Deep Inside Hollywood: Jim Parsons, New Lesbian Flick, Sound Gay?, SheZow

Jim Parsons
Photo: Shutterstock.com/Helga Esteb
Jim Parsons  Photo: Shutterstock.com/Helga Esteb

Jim Parsons
Photo: Shutterstock.com/Helga Esteb

By: Romeo San Vicente*/Special to TRT— 

Zach Braff wishes on star Jim Parsons 

Wish I Was Here is the name of that movie Zach Braff turned to Kickstarter to fund, a move that turned the entire project into a referendum on what well-to-do celebrities should do when they want to find alternative sources of funding for their film projects (hint: break the unwritten rules and use your own damn money). And the snarky controversy has overshadowed the fact that the film has a talented ensemble cast, including gay actor Jim Parsons (The Big Bang Theory), Donald Faison, Kate Hudson, Mandy Patinkin, Pitch Perfect‘s Anna Kendrick and Braff himself. The plot is an odd one considering the whole Kickstarter dustup, but it involves Braff’s lead character – described in a synopsis as a man struggling financially – turning to home-schooling his children when private school money dries up. Of course, they have these things called public schools that are … shhh … free, but whatever. It’ll be funny to see what financial hardship means to a rich sitcom actor, won’t it?

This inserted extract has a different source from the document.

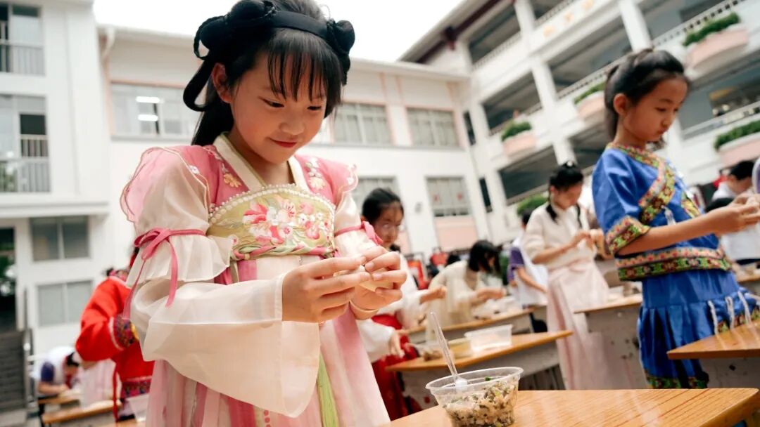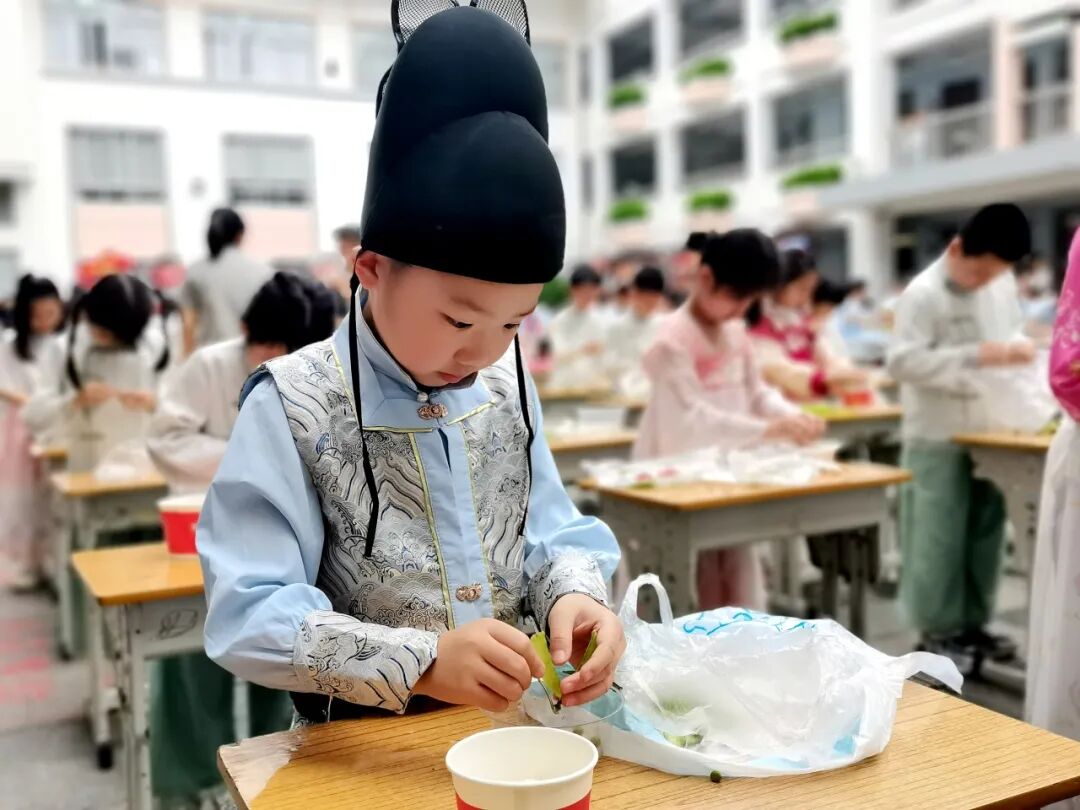 在欢快的劳动号子中,学校党支部书记、校长刘薇热情致辞。随后,劳动运动会开始,各年级按照学校为其量身定制的劳动任务单进行激烈地角逐。比赛项目包括低年级的叠班服、系鞋带、剥青豆、剥鹌鹑蛋;中年级的包书皮、包饺子;高年级的缝香囊、十八酿。每一项都是对学生日常生活技能的检验。

Blue lesbians to warm up America’s big screens

Filmmaker Abdellatif Kechiche’s three-hour lesbian romance, Blue Is the Warmest Color, is coming to America, thanks to distributor IFC. The controversial film (called a “voyeuristic exercise” by New York Times film critic Manohla Dargis) stars young actresses Léa Seydoux and Adéle Exarchopoulos as they come of age and fall in love, and it recently won the top prize at the Cannes Film Festival, the Palme d’Or. The intense love story, complete with lengthy sex scenes (reports are that the non-pornographic art film leaves nothing to the imagination, prompting New York magazine’s Vulture website to cheekily praise its “impressive scissoring”) found itself in the unique position of receiving the highest praise from the most prestigious film festival in the world at the same time that France was legalizing same-sex marriage equality and anti-gay protestors were busy taking to the streets in Paris to be angry about it all. Sounds almost like what would happen here, frankly. And this fall American art-house audiences will get their own chance to evaluate the merits of the 179-minute Blue, probably while another U.S. state tackles its own marriage equality legislation and One Million Moms goes ballistic about Target’s same-sex wedding registry. Vive le cinema!

Do I Sound Gay? asks new documentary

Hey gay dude, worried that your voice “sounds gay”? Well, you’ve never been alone on that one. Worse, you’ve probably been made to feel bad about it, especially from other gay people. And documentary filmmaker David Thorpe knows what you’re going through. In fact, he made a movie about it. The director’s Do I Sound Gay? has been selected for the Independent Filmmaker Project’s 2013 Documentary Lab mentorship program, which will help shepherd the film to completion. Still in production, it’s a long-overdue, humorous exploration of the origins of “gay voice” as well as the stigma attached to having that voice. It features interviews with and the contributions of Margaret Cho, Tim Gunn, Dan Savage, David Sedaris and George Takei, none of whom plan to change the way they speak any time soon. We’re here, we sound queer, get used to it.

SheZow premieres without sun collapsing into the earth

The crazies of the world love to use the word “transgender” to instigate fake outrage over anyone who doesn’t conform to gender roles, so when the latest children’s cartoon series SheZow premiered recently on The Hub, a kids cable channel, they went ballistic. That’s why it’s so nice to report that SheZow, the creation of Obie Scott Wade, is nothing more than a fun, colorful, superhero show that also just happens to be about a young boy who takes on his late aunt’s superhero persona whenever crime needs to be vanquished. He transforms into her character – including the wig and shirt – and becomes SheZow, the crime fighter. Then he returns, happily, to being a boy. Technically that makes him a situational transvestite in the service of law and order and, clearly, young audiences are already understanding that it no more makes the character transgender (a word most of them have probably never encountered) than the Batman costume turns Bruce Wayne into an actual flying mammal of the order Chiroptera. Carry on, cartoons. We’ll keep waiting for the first great animated trans superhero TV show.